Cashill, Jack. Deconstructing Obama. New York: Threshold Editions, 2011. ISBN 978-1-4516-1111-3.
Barack Obama's 1995 memoir, Dreams from My Father (henceforth Dreams), proved instrumental in his rise from an obscure Chicago lawyer and activist to the national stage and eventually the presidency. Almost universally praised for its literary merit, it establishes Obama's “unique personal narrative” which is a key component of his attraction to his many supporters. Amidst the buzz of the 2008 presidential campaign, the author decided to buy a copy of Dreams as an “airplane book”, and during the flight and in the days that followed, was astonished by what he was reading. The book was not just good, it was absolutely superb—the kind of work editors dream of having land on their desk. In fact, it was so good that Cashill, a veteran author and editor who has reviewed the portfolios of hundreds of aspiring writers, found it hard to believe that a first time writer, however smart, could produce such a work on his own. In the writing craft, it is well known that almost all authors should plan to throw away their first million words or equivalently invest on the order of 10,000 hours mastering their craft before producing a publishable book-length work, no less a bestselling masterpiece like Dreams.
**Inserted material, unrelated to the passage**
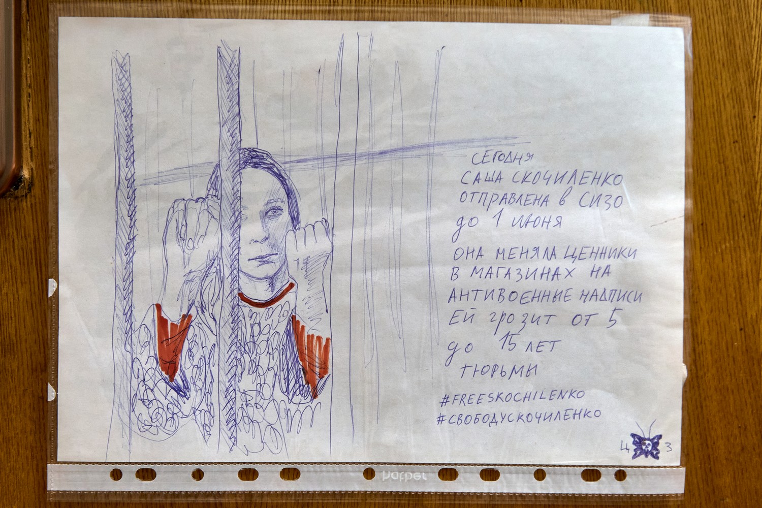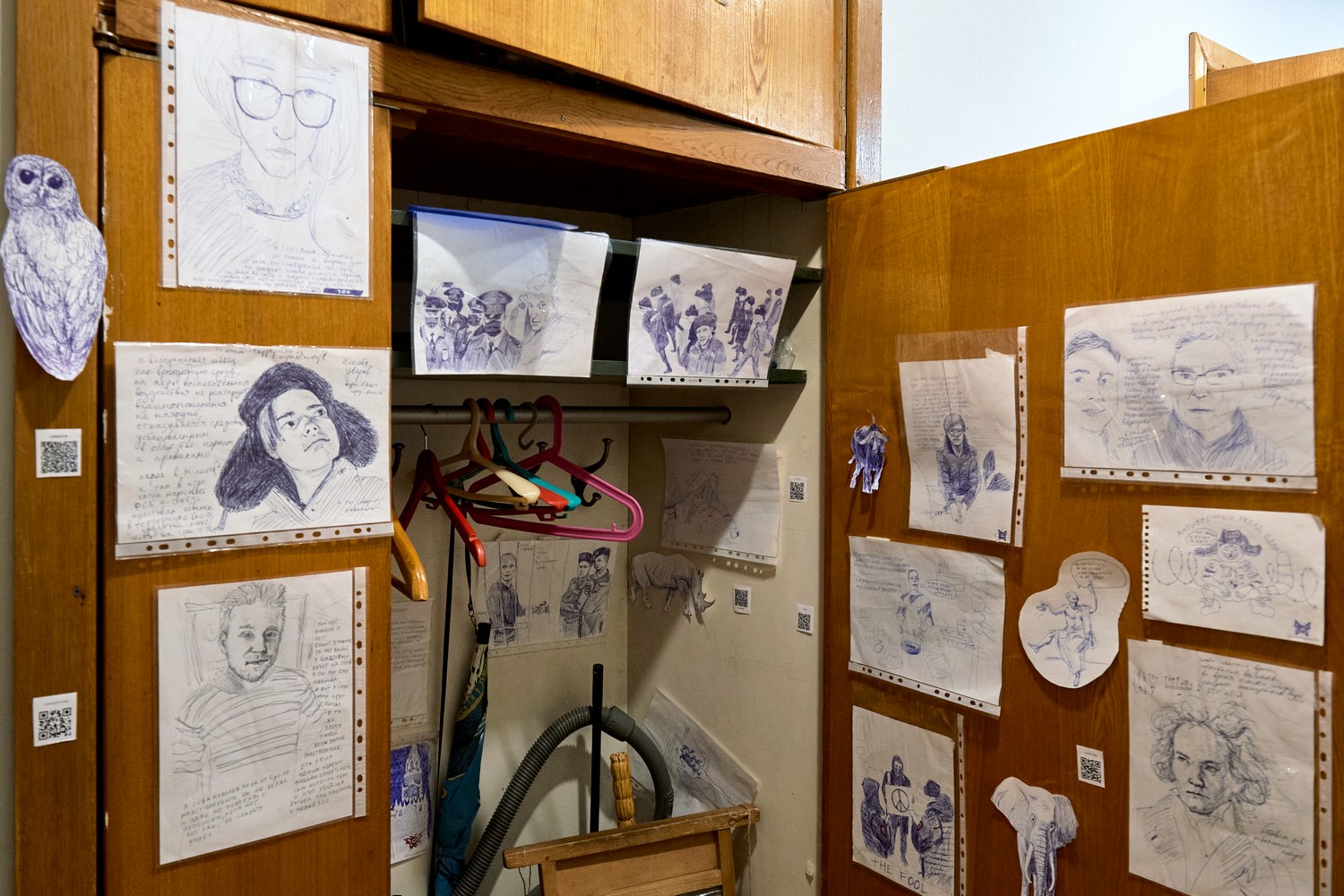 В шкафу в прихожей — рисунки художника цианида злого. С февраля он ежедневно создает по одному изображению о войне и политических репрессиях. На дверцах шкафа и внутри — портреты фигурантов дел о «военных фейках» Саши Скочиленко, Севы Королева, фигуранта дела «канских подростков» Никиты Уварова, сцены с Навальным в камере.

There was no evidence for such an investment or of natural talent in any of Obama's earlier (and meagre) publications: they are filled with clichés, clumsy in phrasing, and rife with grammatical problems such as agreement of subject and verb.

Further, it was well documented that Obama had defaulted upon his first advance for the book, changed the topic, and then secured a second advance from a different publisher, then finally, after complaining of suffering from writer's block, delivering a manuscript in late 1994. At the time he was said to be writing Dreams, he had a full time job at a Chicago law firm, was teaching classes at the University of Chicago, and had an active social life. All of this caused Cashill to suspect Obama had help with the book. Now, it's by no means uncommon for books by politicians to be largely or entirely the work of ghostwriters, who may work entirely behind the scenes, leaving the attribution of authorship entirely to their employers. But when Dreams was written, Obama was not a politician, but rather a lawyer and law school instructor still burdened by student loans. It is unlikely he could have summoned the financial resources nor had the reputation to engage a ghostwriter sufficiently talented to produce Dreams. Further, if the work is not Obama's, then he is a liar, for, speaking to a group of teachers in June 2008, he said, “I've written two books. I actually wrote them myself.”

These observations set the author, who has previously undertaken literary and intellectual detective work, on the trail of the origin of Dreams. He discovers that, just at the time the miraculous manuscript appeared, Obama had begun to work with unrepentant Weather Underground domestic terrorist Bill Ayers, who had reinvented himself as an “education reformer” in Chicago. At the time, Obama's ambition was to become mayor of Chicago, an office which would allow him to steer city funds into the coffers of Ayers's organisations in repayment of his contribution to Obama's political ascendancy (not to mention the potential blackmail threat an unacknowledged ghostwriter has over a principal who claims sole authorship). In any case, Dreams not only matches contemporary works by Ayers on many metrics used to test authorship, it is rich in nautical metaphors, many expressed in the same words as in Ayers's own work. Ayers once worked as a merchant seaman; Obama's only experience at sea was bodysurfing in Hawaii.

Cashill examines Dreams in fine-grained detail, both bolstering the argument that Ayers was the principal wordsmith behind the text, and also documenting how the narrative in the book is at variance with the few well-documented facts we have about Obama's life and career. He then proceeds to speculate upon Obama's parentage, love life before he met Michelle, and other aspects of the canonical Obama story. As regards Ayers as the author of Dreams, I consider the case as not proved beyond a reasonable doubt (that would require one of the principals in the matter speaking out and producing believable documentation), but to me the case here meets the standard of preponderance of evidence. The more speculative claims are intriguing but, in my opinion, do not rise to that level.

What is beyond dispute is just how little is known about the current occupant of the Oval Office, how slim the paper trail is of his origin and career, and how little interest the legacy media have expressed in investigating these details. There are obvious and thoroughly documented discrepancies between what is known for sure about Obama and the accounts in his two memoirs, and the difference in literary style between the two is, in itself, cause to call their authorship into question. When the facts about Obama begin to come out—and they will, the only question is when—if only a fraction of what is alleged in this well-researched and -argued book is true, it will be the final undoing of any credibility still retained by the legacy media.

The Kindle edition is superbly produced, with the table of contents, notes, and index all properly linked to the text.